> [PROBLEM TO SOLVE]: Among the entries below, only the lines starting at the one with "Het zwembad van" and ending at the one with "036期老版跑狗一字記之曰:【腰】 詩雲:天降橫財地上寶,問天問地攞唔到。", both included, are to be printed exactly.

+ + +

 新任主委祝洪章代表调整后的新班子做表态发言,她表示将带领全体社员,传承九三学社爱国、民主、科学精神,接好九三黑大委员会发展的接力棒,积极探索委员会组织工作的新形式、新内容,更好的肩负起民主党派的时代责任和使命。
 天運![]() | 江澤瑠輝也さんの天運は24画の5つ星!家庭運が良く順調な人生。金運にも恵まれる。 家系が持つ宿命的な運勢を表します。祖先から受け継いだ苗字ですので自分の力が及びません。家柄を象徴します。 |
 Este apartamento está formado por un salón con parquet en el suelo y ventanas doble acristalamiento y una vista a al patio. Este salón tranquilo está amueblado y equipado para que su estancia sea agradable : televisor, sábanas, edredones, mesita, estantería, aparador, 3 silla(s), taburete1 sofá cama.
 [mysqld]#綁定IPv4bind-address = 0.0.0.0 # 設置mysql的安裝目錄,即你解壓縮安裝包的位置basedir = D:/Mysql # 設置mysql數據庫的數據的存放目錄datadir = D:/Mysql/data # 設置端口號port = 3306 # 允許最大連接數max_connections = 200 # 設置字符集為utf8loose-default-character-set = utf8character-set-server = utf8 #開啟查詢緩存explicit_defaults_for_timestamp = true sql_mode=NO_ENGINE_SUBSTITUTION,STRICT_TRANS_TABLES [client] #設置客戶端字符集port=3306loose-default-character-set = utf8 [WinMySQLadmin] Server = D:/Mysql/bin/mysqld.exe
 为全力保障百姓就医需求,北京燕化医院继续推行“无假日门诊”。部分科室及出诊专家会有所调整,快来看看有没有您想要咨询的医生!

+ + +

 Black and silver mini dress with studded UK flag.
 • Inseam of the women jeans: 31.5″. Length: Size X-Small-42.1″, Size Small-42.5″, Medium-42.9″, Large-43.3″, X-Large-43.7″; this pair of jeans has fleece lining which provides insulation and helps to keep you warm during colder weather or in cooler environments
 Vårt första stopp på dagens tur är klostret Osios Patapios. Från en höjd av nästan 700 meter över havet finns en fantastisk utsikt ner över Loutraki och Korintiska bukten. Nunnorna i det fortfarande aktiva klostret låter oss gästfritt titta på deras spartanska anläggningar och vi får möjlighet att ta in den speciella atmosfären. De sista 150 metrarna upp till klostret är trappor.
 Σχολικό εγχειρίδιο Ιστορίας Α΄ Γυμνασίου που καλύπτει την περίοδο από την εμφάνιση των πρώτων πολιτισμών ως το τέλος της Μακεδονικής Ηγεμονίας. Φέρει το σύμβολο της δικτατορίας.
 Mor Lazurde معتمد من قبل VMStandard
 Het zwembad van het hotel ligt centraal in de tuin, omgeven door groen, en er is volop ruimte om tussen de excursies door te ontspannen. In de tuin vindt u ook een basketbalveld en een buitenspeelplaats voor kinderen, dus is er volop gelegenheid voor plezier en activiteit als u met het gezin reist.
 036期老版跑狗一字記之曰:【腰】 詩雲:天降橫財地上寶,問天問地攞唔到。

+ + +

> [SOLUTION]:
 Het zwembad van het hotel ligt centraal in de tuin, omgeven door groen, en er is volop ruimte om tussen de excursies door te ontspannen. In de tuin vindt u ook een basketbalveld en een buitenspeelplaats voor kinderen, dus is er volop gelegenheid voor plezier en activiteit als u met het gezin reist.
 036期老版跑狗一字記之曰:【腰】 詩雲:天降橫財地上寶,問天問地攞唔到。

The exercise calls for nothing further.